After a glorious Sunday service and after attending other group meetings, we were both visibly tired. Church service ended before 12 noon, but we got home around 2:30pm.
On getting home, both of us wanted to retire to the bedroom and get some rest.
It was then I remembered that I announced in church that NO MARRIED WOMAN MUST ENTER THE KITCHEN that afternoon. The first lady of every home, deserves to be pampered and shown tender loving care (TLC).
For a Brief moment , I thought within myself...."how on earth did I make that announcement in church today??" (As pastor, its easier to give commands)
But the die is already cast, I must fulfill my obligation. (we must obey instructions from the pulpit)
I watched my wife enter the bedroom, while I sluggishly made my way to the kitchen. It felt like a very long lonely road. While walking to the kitchen, I knew exactly how she felt every time she had to be in that kitchen alone by herself.
To cut the short story long (Don't mind me oo)
I got down to business.. I sweated it out alone in the kitchen. After about an hour and a half in the kitchen, I heard my wife calling out to me from the living room,
"Darling, is the food ready now?..I am so hungry"
I could not believe my ears, I thought to myself "Was she talking to her maid or a paid cook? How can somebody just get up from the bed and be asking for food?" (It didn't make sense to me at all)
Then I remembered how I have done the same thing to her countless number of times. Mine was even more like Yelling...just because food was not ready.
but wait... "how did she survive me on those tense days....especially when I was mad at her because food wasn't ready?"

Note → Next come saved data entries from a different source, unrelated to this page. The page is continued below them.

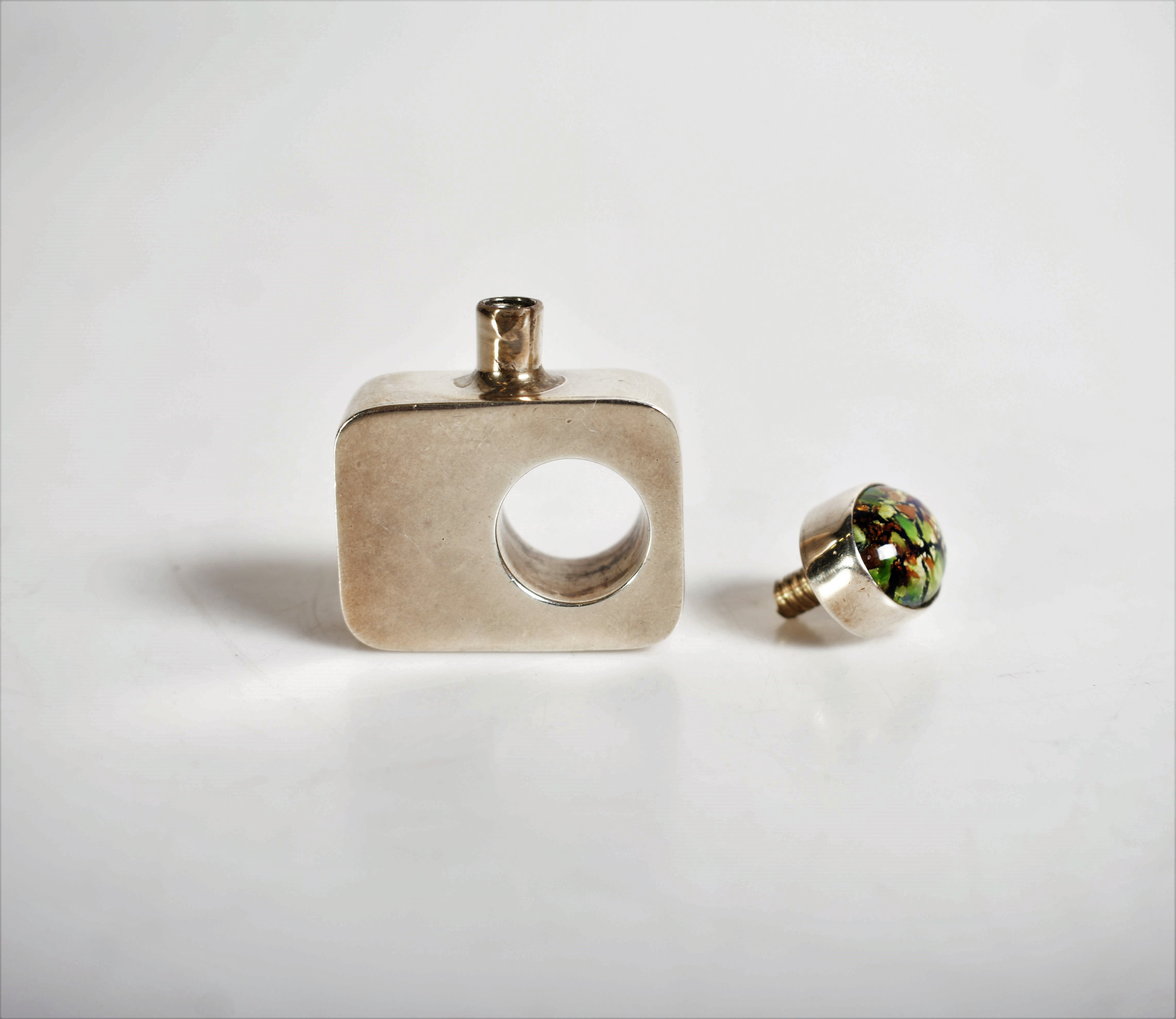 1701898. PARFUME flacon sølv, emalje.
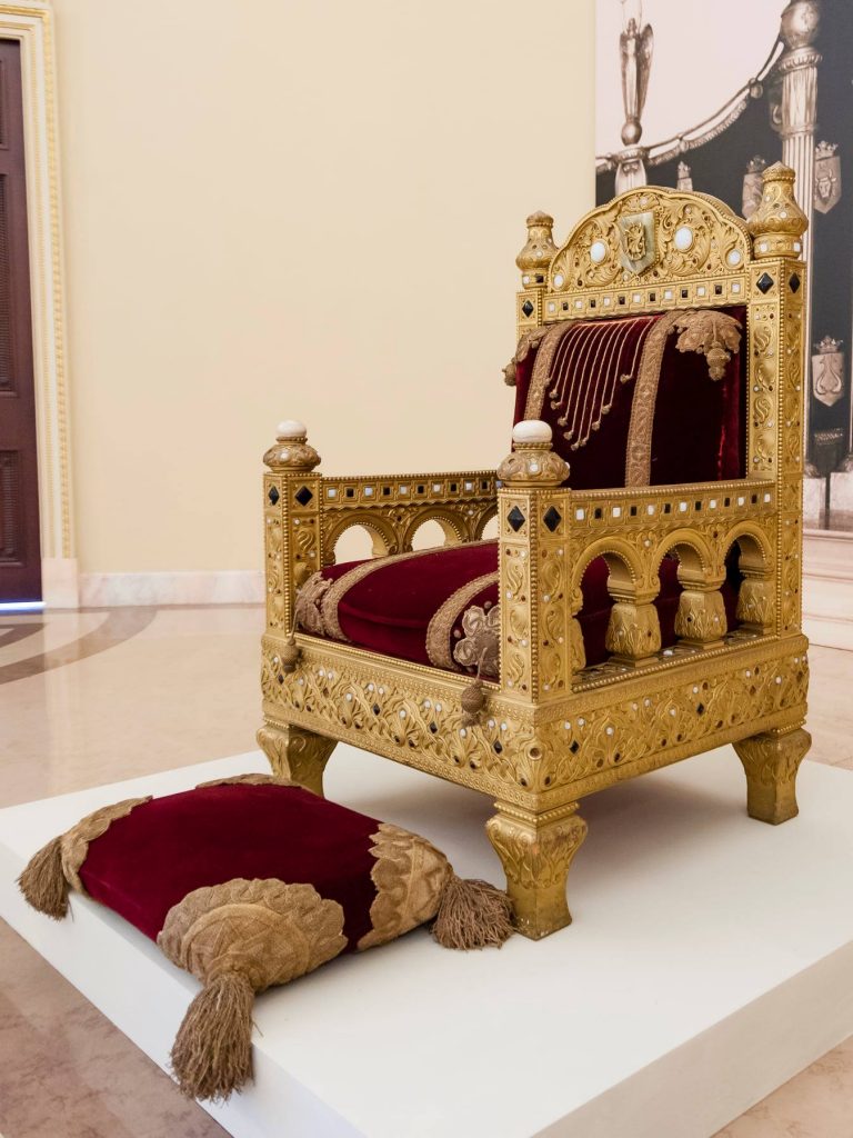 De Ziua Regalității, luni, 10 mai, Muzeul Național de Artă al României a deschis Sala Tronului unde a prezentat publiclui tronul Regelui Carol I al României, pentru prima dată după mai bine de 70 de ani. Piesa de mobilier a fost amplasată pe estrada de trei trepte, așa cum a fost întotdeauna tronul poziționat în Palatul Regal. Tronul și Spațiile Istorice, respectiv Sala Tronului, Sufrageria Regală și Scara Voievozilor auu putut vizitate gratuit luni, în intervalul orar 10.00 – 18.00. Odată ce România a fost proclamată Regat, au fost confecționate două tronuri, pentru cei doi suverani ai țării, Regele Carol I și Regina Elisabeta. Tronurile au fost confecționate din lemn aurit și ornate cu pietre prețioase, pe spătar fiind reprezentate cifrele cuplului regal – Carol I și Elisabeta, realizate în bronz poleit și aplicate pe plăci de onix algerian. Cele două tronuri au fost folisite între anii 1885 și 1947, de către toți monarhii României. După abdicarea Regelui Mihai I toate bunurile Casei Regale au fost transferate către diverse instituții din țară, tronul ajungând să fie expus în Salonul de Iarnă al conacului familiei Goleștilor – Muzeul Golești din judeșul Argeș.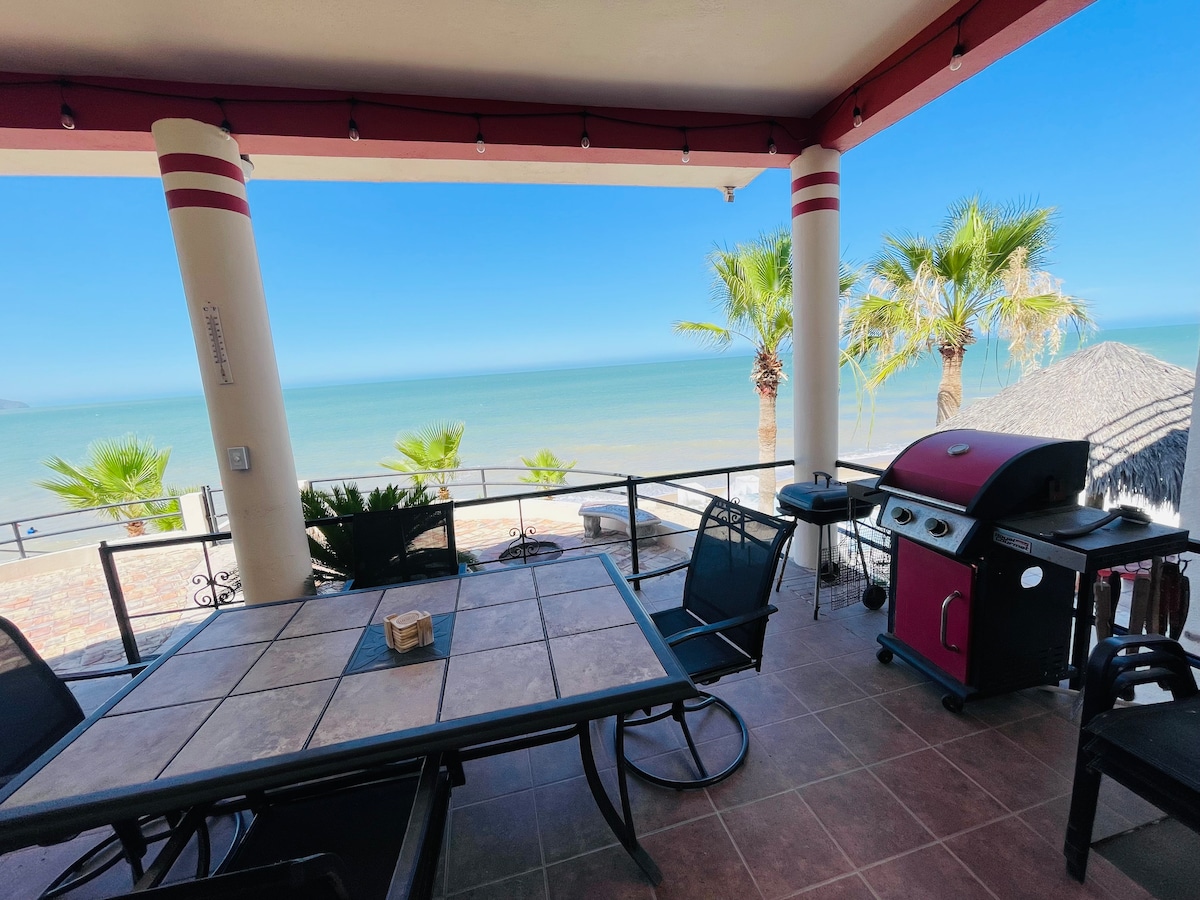 Pequeña casita estudio para no fumadores con vista al mar de Cortés y al campo de golf EDR. A pocos pasos del restaurante Pete's Camp. A pie de la playa. Patio en la azotea, ahora con estructura de sombra. La unidad tiene una cama tamaño queen y una pequeña cocina (pequeño refrigerador) con sartén eléctrica y parrilla George Forman, microondas y cafetera, y acceso a un área de barbacoa compartida. El baño tiene una ducha grande. (Solo hay fregadero en la cocina) TV con Chromecast y reproductor de DVD. Dos ventiladores de techo y aire acondicionado/calentador mini-split. Mesa con 2 sillas en el patio. 2 noches como mínimo.

Realising my own shortcomings, I quickly borrowed myself 'some sense'....I adjusted myself and decided to play along...
"Babe, the food is ready".
She rushed into the kitchen. On entering the kitchen, you can see the big disappointment in her eyes...
" Honey, where is the food?"
I responded giggling..."that is it on the fire"
"Just chicken?"
I defended myself.. "Is chicken not food?"
Can't you see that the burner is extremely slow, its not my fault" (I even blamed the oven)
Then she examined the burner, and burst into laughter. She laughed very hard.
"Why are you laughing?" I asked
"Oh honey, the heat regulator is set to the lowest level, you should have increased it"
Now, I didn't find that funny..."You mean I have been waiting patiently for nothing??"
Ignoring me, she adjusted the burner and the heat was at the maximum level in no time. (I guess the law of diminishing returns had set-in for me)
"Dear, I cannot wait for your food again, I'm famished"
I jerked, "so what do you want me to do?" (Sebi, its mothers day, We don enter am today)
"Can you quickly fry some eggs for me pls?"
"No problem. Anything for my sweetheart" (though I was weak and tired)
She left me in the kitchen and went back to the sitting room. She settled down with her phone while I settled down with the cooking. (Diaris God oo)
At first I wanted to protest...."What is all these...gan na?" But when I remembered how I usually cross my legs to watch live football matches on TV..while she sweats it out in the kitchen... I became very gentle!
I quickly took enough fresh eggs to fry...and also ordered for fresh bread.
In no time, food was ready. I set the table for my Queen.
Without wasting time, she descended on the meal like a hungry lion.
"Babe, won't you say anything to me about the meal" (I knew the meal was tasty, so I was DESPERATE to hear her compliment. That will make a good CONSOLATION)
But to my uttermost amazement, what she said next came as a rude shock to me.
"My dear husband, this is exactly how you usually eat my meals without passing any complement. You only say thank you after enjoying the meal and THAT IS ALL".
"What!!!...Seriously!!!....was I this callous to my Wife?...
I didn't realise that I wasn't very nice to her"...I felt very terrible.
Here I was, demanding Kindness, where I haven't sown enough kindness.
It felt like I have not been playing fair..... IT FELT LIKE I HAVE BEEN CHEATING MY WIFE
CHEATING is not limited to Adultery or sexual immorality.
CHEATING is when one partner is making MORE sacrifice than the other.
CHEATING is when one partner is MORE forbearing and showing MORE COMMITMENT than the other.
CHEATING is when your APPRECIATION is not commensurate withdrawals the EFFORTS of your partner.
CHEATING is always taking from your partner but not giving anything back.
Examine youself today. If you are guilty of this, pls repent and STOP CHEATING YOUR PARTNER.
I Welcome you to Marital Bliss.
GOD BLESS YOUR HOME.
I celebrate you!
I enjoyed this, especially the humour. But it brought to the fore the need to appreciate our spouses for the role they play in bringing balance and order to our lives. The husband, the wife, both have very significant roles that should never be taken for granted.